Recent commentary on the Higher Education and Research Bill has been as contradictory as it has been confusing. Critics of the legislative project have found themselves claiming that universities are being both “nationalised by stealth” and also “privatised” and “commercialised“. The Bill will at once make universities cave in to “snowflake” student demands and simultaneously create mass student discontent by increasing their fees.

Our pages have not been empty of criticism of the Higher Education and Research Bill – there is a great deal about the legislation that needs to be properly scrutinised and critiqued from as many different voices as possible. Wonkhe contributors have called the new regulatory framework “big, bossy and bureaucratic“, a “chain“, and reflective of an “astonishing level of resentment against the history and autonomy of the established sector”. Critics of the Bill have both defended universities’ existing autonomy and criticised it.

Several aspects of the Bill show worrying features of badly thought-out policy (using the framework of the late, great Anthony King) and the White Paper and subsequent policy announcements are based upon multiple category errors (using the framework of the late, great David Watson). TEF in particular looks like a solution looking for a problem and is unclear about what it is trying to achieve: student choice or improved quality? Further expansion of poorly regulated private providers with public funds looks like a National Audit Office investigation waiting to happen, and the risks involved in the private sector’s rapid expansion seem to far outweigh the likely gains from a small number of innovative new providers in London teaching a very small number of students.
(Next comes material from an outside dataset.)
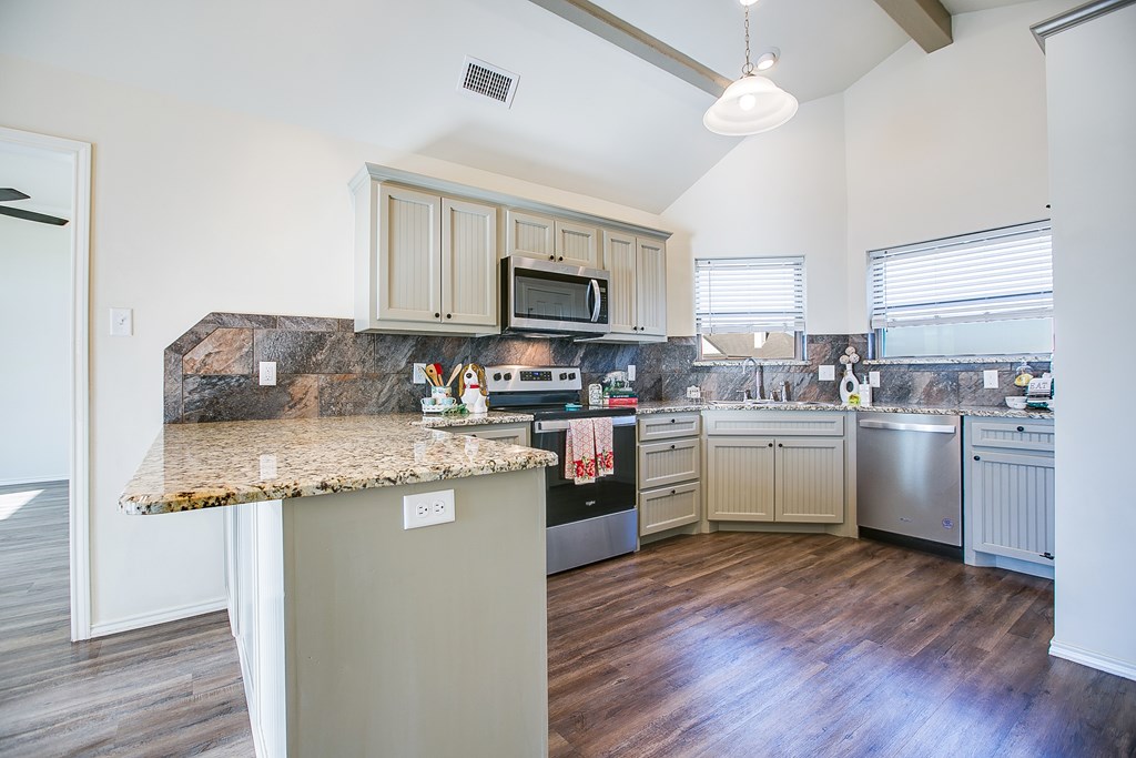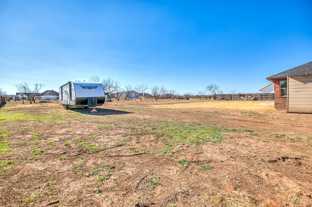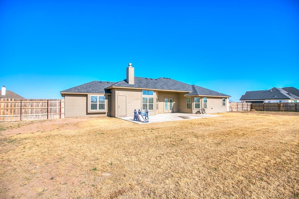 Better Than New in Buffalo Heights Addition! Come and put your personal stamp on this amazing property, Built in 2022, this beautiful family home offers the perfect blend of modern comfort and peaceful country living. Situated on a cleared acre with no through traffic, you'll enjoy privacy, space, and stunning West Texas sunsets from the extended back patio. Inside, the spacious living area features a cozy corner wood-burning fireplace, creating a warm and inviting focal point. The large kitchen is a chef's delight. Relax in your sequestered master suite, creating a private retreat separate from the secondary bedrooms. The home feels fresh and move-in ready, enhanced by tasteful landscaping and pride of ownership throughout. Additional highlights include an owned water softener, window blinds, fenced yard, extra parking, and a storage building for added convenience. Enjoy country living with no city taxes while still being just minutes from town. Hurry - B4 it is SOLD!

Nonetheless, some of the commentary is clearly running away with itself.

Realpolitik

After defeat in the Lords a fortnight ago Jo Johnson was doubtlessly feeling frustrated. Johnson, for his own part, has stumbled into a potential political omnishambles and appears to have alienated independent-minded commentators and peers on both his right and left, including some who have been long-time advisors to his department (such as Baroness Wolf), and we can even detect some reticence from one of his predecessors (Lord Willetts).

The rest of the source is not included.